All remaining funds go towards extra training ground dummies, as Lampard seeks to drill his trademark deflected finishes into his new charges.
A positive start soon unravels
Boosted by his pick of the club’s 300+ returning loanees and the removal of Danny Drinkwater from storage, Lamps’ team makes a promising start to the season. With Ole still carelessly at the Old Trafford wheel, Chelsea emerge victorious on the opening weekend of the season.
They even scoop Super Cup glory against Liverpool in his second game, leading to the thousands of dreadfully boring tweets about how he has the best games-to-trophy ratio of any manager in history.
All seems to be going along smoothly, but let’s not forget Sarri went unbeaten in his first 12 league matches. Inevitably, Lampard soon suffers his first setback when Liverpool come to town and gain revenge, with Mo Salah making a mockery of Chelsea’s longest-serving player, Tomas Kalas. Yep, he’s still under contract there.
The feel-good factor around the club takes another hit when their former captain, leader, lothario John Terry is photographed out and about with various players’ wives. The uproar splits the dressing room and JT decides to leave “in the best interests of the club I love”.
The winter of discontent
The Blues just about muddle through their Champions League group amid some patchy league form, Lampard comes under even more scrutiny for actions off the pitch.
With Chelsea’s TV channel going off-air, Lampard insists all club news is announced via his wife, Christine, on Loose Women. Supporters quickly get fed up of having to endure listening about Katie Price’s latest break-up just to hear if Ross Barkley is injured (again), and they start to turn on the manager.
It’s then a cockney knight in shining armour attempts to come to the rescue. Rolling back the years to 1996, uncle Harry Redknapp does the media rounds leaping to Lampard’s defence. “Frank is going right to the top of management,” he states. “Right to the very top!”
This bigging up backfires, however, as rival fans deduce Lampard clearly needs someone else to talk for him. As the “Stop Crying Frank Lampard” song grips the terraces, the Oasis song it’s based on hits the Christmas No1 spot.
From legend to loser
Lampard’s hopes for a fresh start in 2020 are extinguished almost immediately, as Chelsea are embarrassingly dumped out of the FA Cup in a shock reversal to Oxford United. Desperate times call for desperate measures, and Lampard begins sending a spy to opponents’ training grounds.

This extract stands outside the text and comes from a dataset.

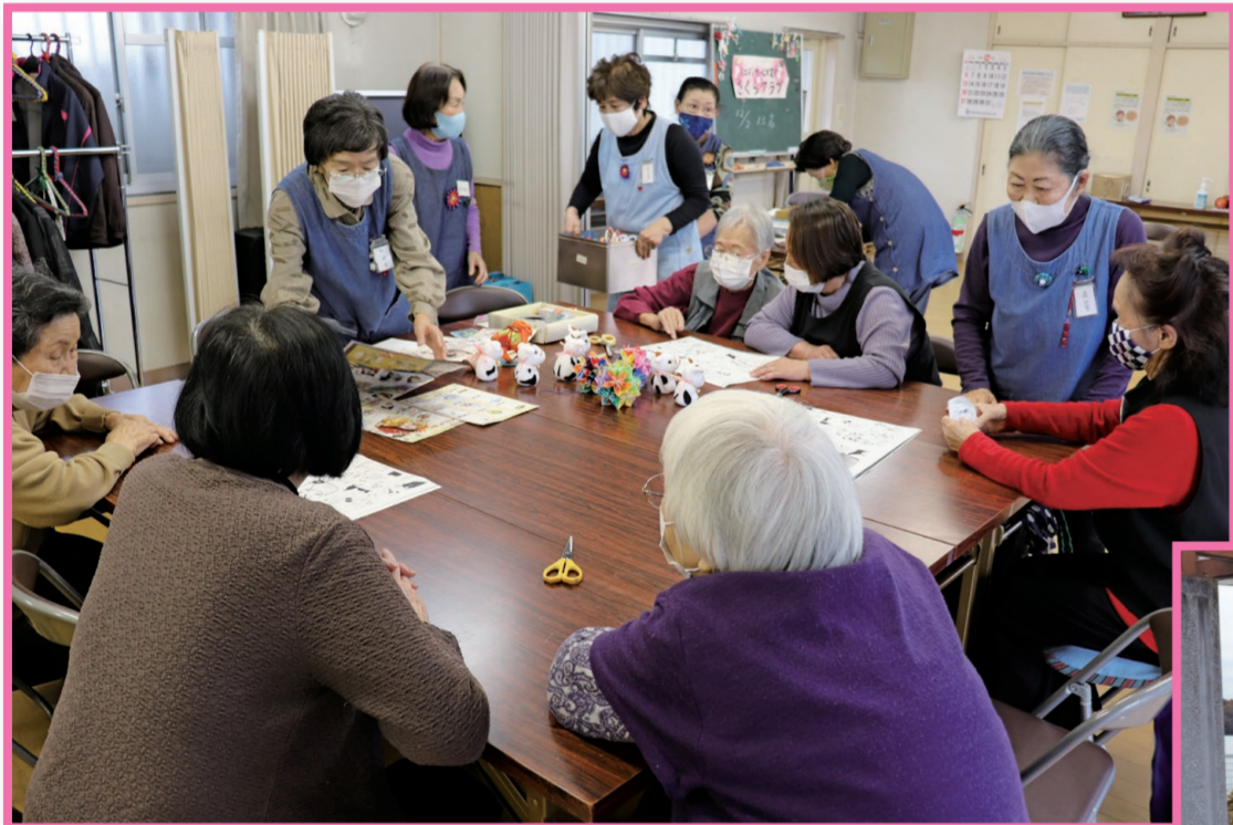
芝中さくらクラブ

【その他の記事】・ボランティア講座等……………P3 ・社協からのお知らせ(あんしん東大和学习会、手話体験講座他)・P4

However, the ruse is up when someone who looks suspiciously like John Terry in a comedy wig and glasses is clocked peeking over the fences at Man Utd’s Carrington training complex. Lampard’s hypocrisy is exposed, and back-to-back home defeats against the Red Devils and Spurs follow as the fans’ anger grows.
After being knocked out of the Champions League by surprise package Genk, it doesn’t take long for fully grown adults in the Stamford Bridge crowd to get their crayons and felt tips out. On crudely-torn cardboard they scrawl messages such as, “TIME TO TURN THE LAMPS OFF!” and “PLZ DON’T RUIN UR LEGASEE FRANKIE!”
As the season descends into farce, the Blues secure a disappointing seventh-placed finish. Following the final game of the season, Roman Abramovich makes his way down to the dressing room to hand Lampard his P45 in front of the team in a final act of humiliation.
Chelsea promptly spin the merry-go-round once again in the search for a hugely experienced, proven manager to turn the club’s fortunes around, and the cycle repeats again. At least it’s never boring, eh?